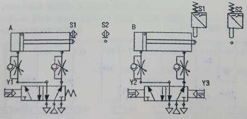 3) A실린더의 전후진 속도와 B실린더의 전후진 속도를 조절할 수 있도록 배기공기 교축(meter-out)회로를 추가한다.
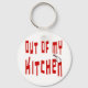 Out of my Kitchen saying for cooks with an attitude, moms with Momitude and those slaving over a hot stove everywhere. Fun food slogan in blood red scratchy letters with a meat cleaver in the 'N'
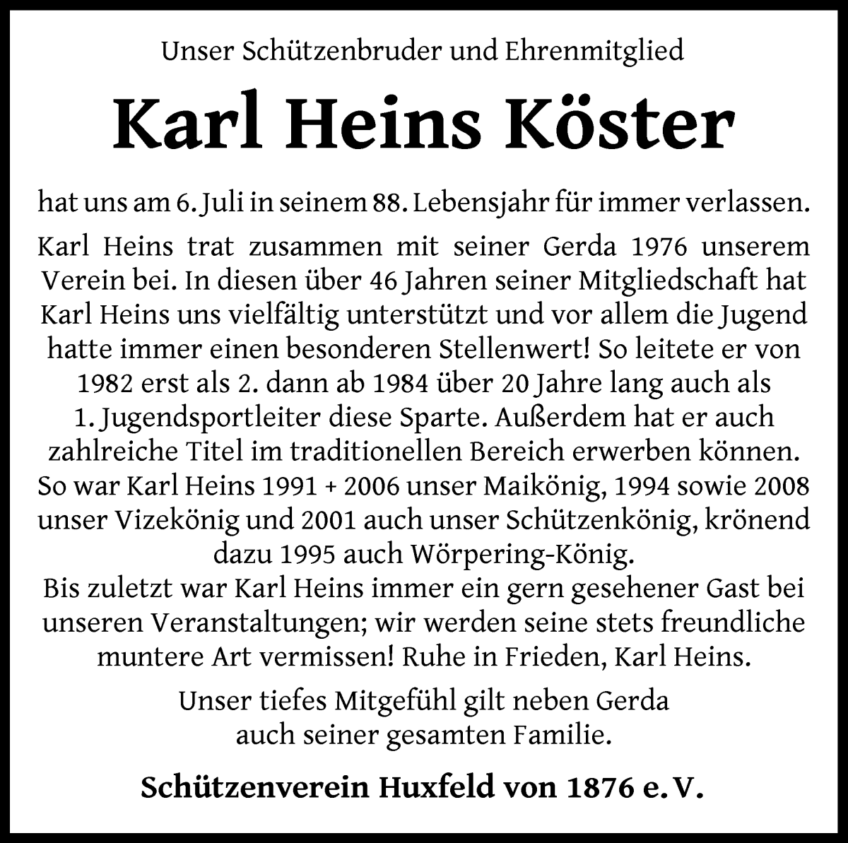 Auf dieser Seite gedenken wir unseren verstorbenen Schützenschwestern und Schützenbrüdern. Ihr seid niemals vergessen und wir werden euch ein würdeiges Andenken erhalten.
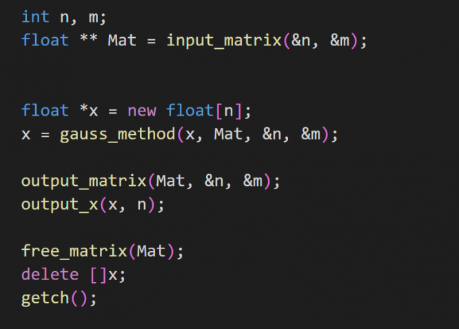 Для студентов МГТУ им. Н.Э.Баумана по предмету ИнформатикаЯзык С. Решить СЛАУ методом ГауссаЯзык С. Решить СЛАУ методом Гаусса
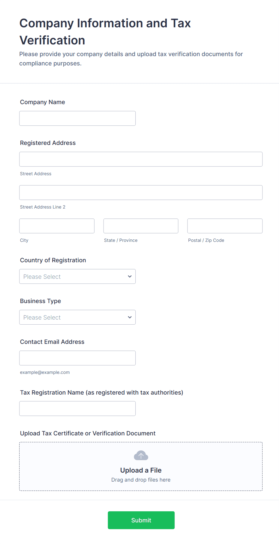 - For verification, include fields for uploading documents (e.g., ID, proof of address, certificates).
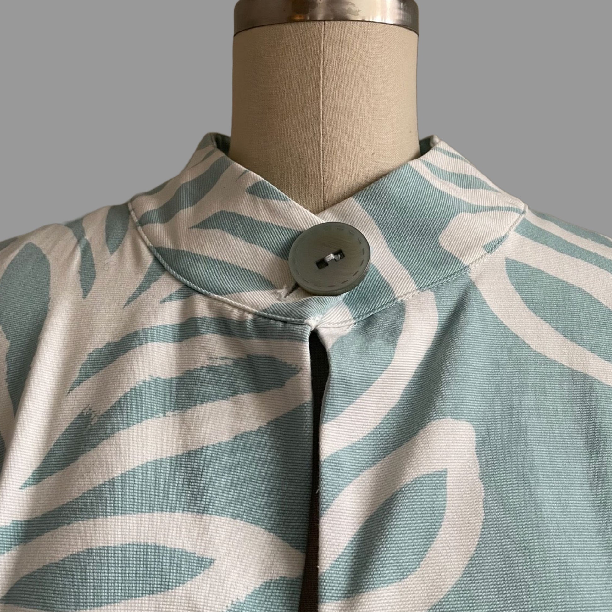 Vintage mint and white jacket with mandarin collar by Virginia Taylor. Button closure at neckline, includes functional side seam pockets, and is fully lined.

============

How to complete this task: Copy out the listing word for word and skip its pictures.

Answer section:
 3) A실린더의 전후진 속도와 B실린더의 전후진 속도를 조절할 수 있도록 배기공기 교축(meter-out)회로를 추가한다.
 Out of my Kitchen saying for cooks with an attitude, moms with Momitude and those slaving over a hot stove everywhere. Fun food slogan in blood red scratchy letters with a meat cleaver in the 'N'
 Auf dieser Seite gedenken wir unseren verstorbenen Schützenschwestern und Schützenbrüdern. Ihr seid niemals vergessen und wir werden euch ein würdeiges Andenken erhalten.
 Для студентов МГТУ им. Н.Э.Баумана по предмету ИнформатикаЯзык С. Решить СЛАУ методом ГауссаЯзык С. Решить СЛАУ методом Гаусса
 - For verification, include fields for uploading documents (e.g., ID, proof of address, certificates).
 Vintage mint and white jacket with mandarin collar by Virginia Taylor. Button closure at neckline, includes functional side seam pockets, and is fully lined.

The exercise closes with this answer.